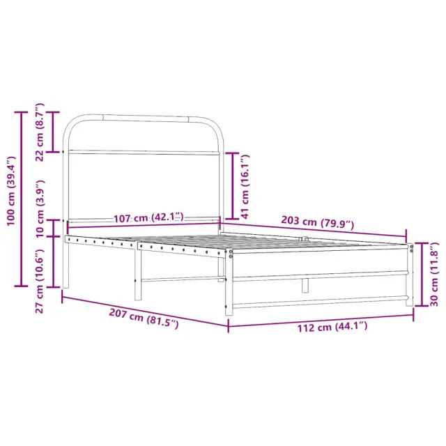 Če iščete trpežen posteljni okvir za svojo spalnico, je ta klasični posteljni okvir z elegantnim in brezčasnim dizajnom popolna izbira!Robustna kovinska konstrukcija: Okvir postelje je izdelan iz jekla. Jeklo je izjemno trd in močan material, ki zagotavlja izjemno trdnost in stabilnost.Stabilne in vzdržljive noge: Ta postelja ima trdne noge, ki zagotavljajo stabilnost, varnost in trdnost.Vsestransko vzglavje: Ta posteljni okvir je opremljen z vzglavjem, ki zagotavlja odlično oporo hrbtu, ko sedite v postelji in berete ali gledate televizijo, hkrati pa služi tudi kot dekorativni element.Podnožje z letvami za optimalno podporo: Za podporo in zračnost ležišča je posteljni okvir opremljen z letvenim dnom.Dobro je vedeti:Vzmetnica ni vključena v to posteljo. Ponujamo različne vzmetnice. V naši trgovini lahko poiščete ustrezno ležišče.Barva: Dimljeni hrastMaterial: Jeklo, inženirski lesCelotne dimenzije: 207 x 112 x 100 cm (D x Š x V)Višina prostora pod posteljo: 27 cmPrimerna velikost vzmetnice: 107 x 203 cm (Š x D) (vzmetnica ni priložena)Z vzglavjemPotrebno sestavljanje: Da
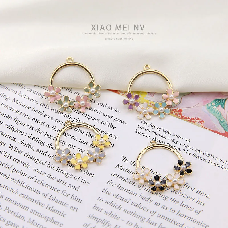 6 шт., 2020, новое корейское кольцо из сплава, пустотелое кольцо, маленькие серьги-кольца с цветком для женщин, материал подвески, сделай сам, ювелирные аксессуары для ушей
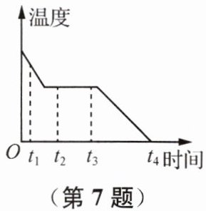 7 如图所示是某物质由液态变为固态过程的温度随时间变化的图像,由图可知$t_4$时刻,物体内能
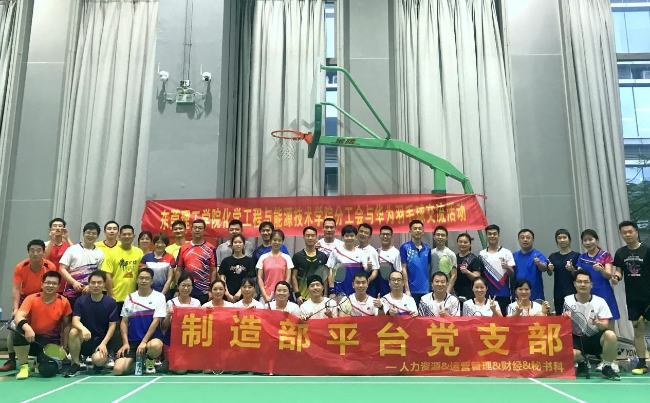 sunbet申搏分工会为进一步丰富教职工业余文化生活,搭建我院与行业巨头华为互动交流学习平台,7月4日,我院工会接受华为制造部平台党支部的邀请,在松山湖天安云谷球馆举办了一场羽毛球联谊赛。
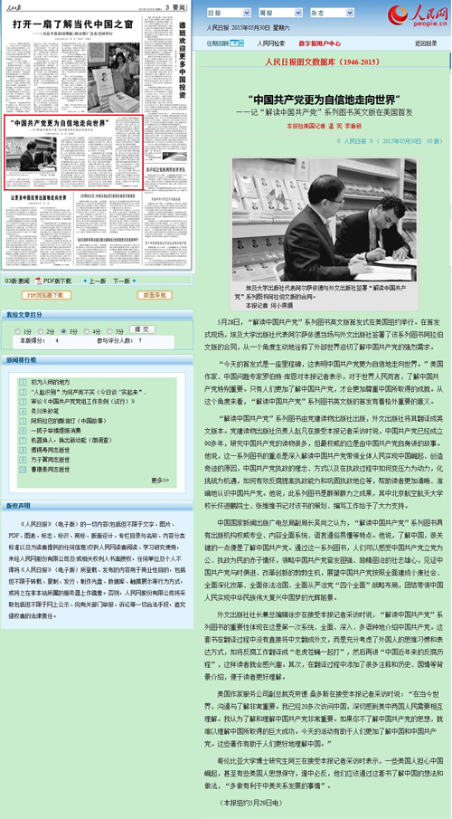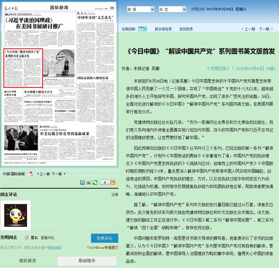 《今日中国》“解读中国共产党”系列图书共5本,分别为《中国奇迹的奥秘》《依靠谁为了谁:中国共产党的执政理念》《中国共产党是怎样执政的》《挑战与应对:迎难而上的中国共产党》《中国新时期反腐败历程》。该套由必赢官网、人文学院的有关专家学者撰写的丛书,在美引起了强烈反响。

> **What is being asked**
When the line that holds "7 如图所示是某物质由液态变" is reached, begin duplicating exactly, and continue through the last line of the listing, skipping the pictures; output nothing else.

> **Finished exercise**
 7 如图所示是某物质由液态变为固态过程的温度随时间变化的图像,由图可知$t_4$时刻,物体内能
 sunbet申搏分工会为进一步丰富教职工业余文化生活,搭建我院与行业巨头华为互动交流学习平台,7月4日,我院工会接受华为制造部平台党支部的邀请,在松山湖天安云谷球馆举办了一场羽毛球联谊赛。
 《今日中国》“解读中国共产党”系列图书共5本,分别为《中国奇迹的奥秘》《依靠谁为了谁:中国共产党的执政理念》《中国共产党是怎样执政的》《挑战与应对:迎难而上的中国共产党》《中国新时期反腐败历程》。该套由必赢官网、人文学院的有关专家学者撰写的丛书,在美引起了强烈反响。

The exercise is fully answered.